Molecular Systems Biology
Daniel D SeatonWilhelm Gruissem

Abstract

Plants respond to seasonal cues such as the photoperiod, to adapt to current conditions and to prepare for environmental changes in the season to come. To assess photoperiodic responses at the protein level, we quantified the proteome of the model plant Arabidopsis thaliana by mass spectrometry across four photoperiods. This revealed coordinated changes of abundance in proteins of photosynthesis, primary and secondary metabolism, including pigment biosynthesis, consistent with higher metabolic activity in long photoperiods. Higher translation rates in the day than the night likely contribute to these changes, via an interaction with rhythmic changes in RNA abundance. Photoperiodic control of protein levels might be greatest only if high translation rates coincide with high transcript levels in some photoperiods.
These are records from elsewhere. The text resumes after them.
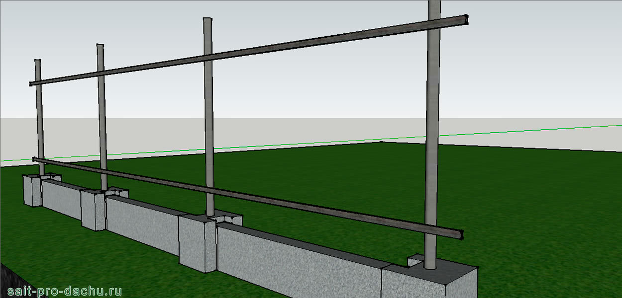 В качестве опорных столбов может использоваться любой материал, но самым простым, надёжным и доступным является металлическая труба. Её необходимые параметры находятся в прямой зависимости от ожидаемой нагрузки.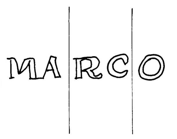 Tipo de filigrana: Doble Parte estudiada: Izquierda Código del Motivo: W.01.00.00 Descripción: Filigrana doble. Filigrana izquierda: la palabra MARCO. Filigrana derecha: escudo con barras cargadas de flor de Lis y olas del mar. Estructura: Tradicional de líneas Altura (mm): 9 Anchura (mm): 61 Tipo de papel: Verjurado Posición en la hoja: Distancia entre corondeles: Posición en relación al texto: Origen de los datos: Datos obtenidos de una repro Información adicional: GAYOSO, G. Historia del Papel en España. T. I-III. Lugo: Diputación Provincial, 1994, filigrana nº 91. La imagen que se ofrece es un calco manual de la filigrana publicada y parte de los datos son resultado de su estudio. País de localizatión del molino: España Lugar del molino: Ibeas de Juarros, Burgos. Fabricante: Marco. Estado de la hoja: Altura de la hoja: Anchura de la hoja: Color de la hoja: País de uso del papel: España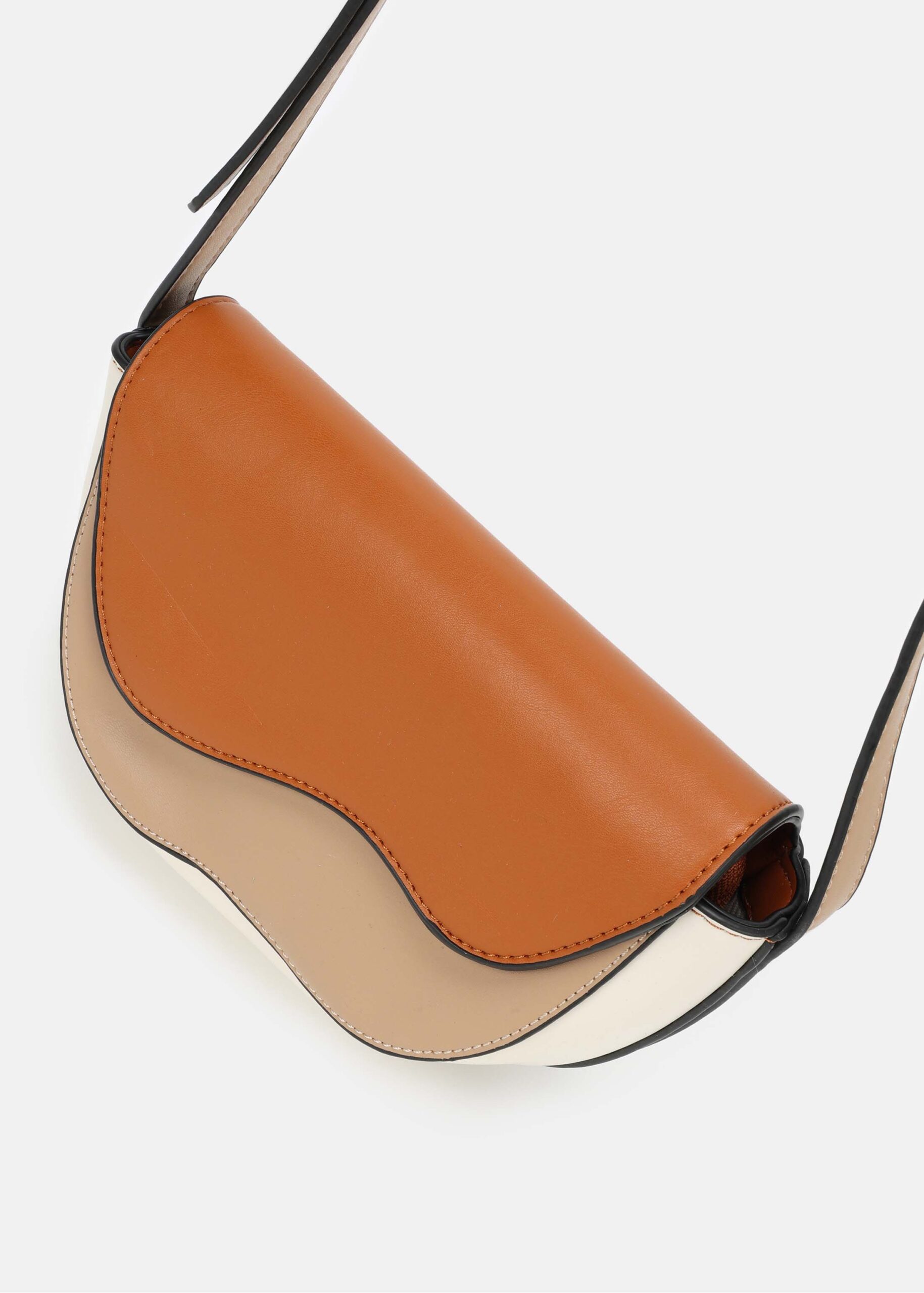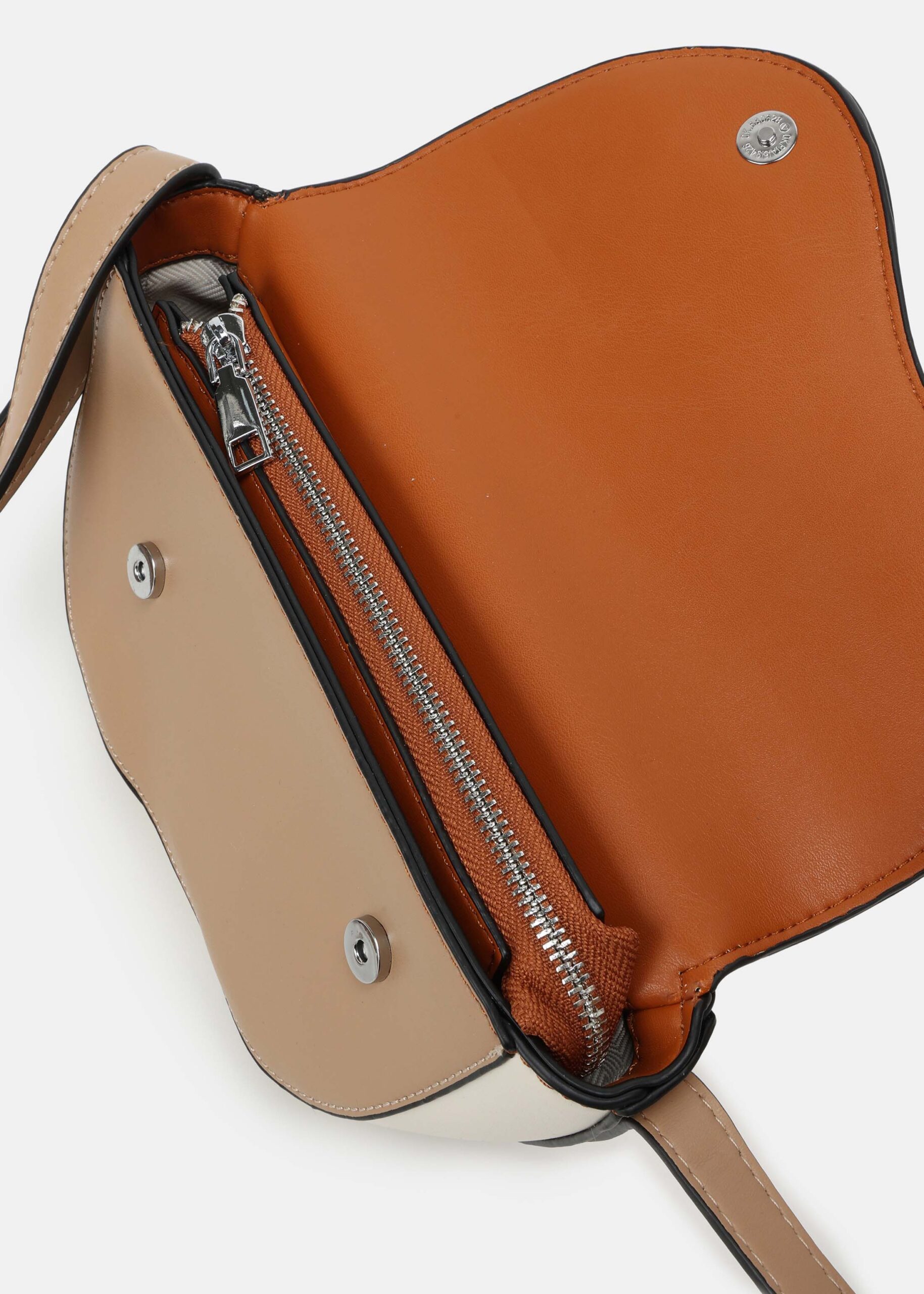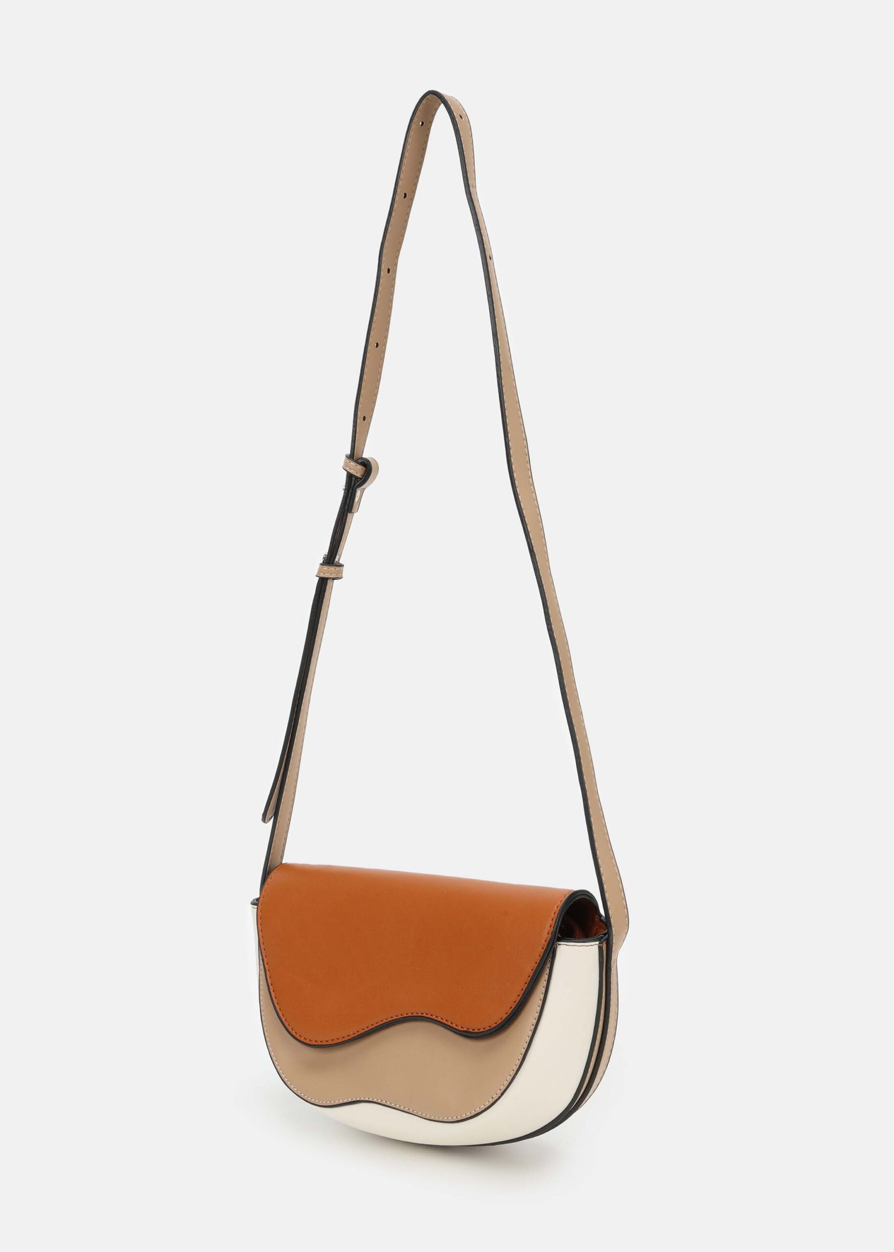 Women bag, leather, color-block, front flap with snap button to close, adjustable shoulder strap, back pocket, upper zip clousre, unique and modern

We term this proposed mechanism "translational coincidence", mathematically model its components, and demonstrate its effect on the Arabidopsis proteome. Datasets from a green alga and a cyanobacterium suggest that translational coincidence contributes to seasonal control of the proteome in many phototrophic organisms. This may explain why many transcripts but not their cognate proteins exhibit diurnal rhythms.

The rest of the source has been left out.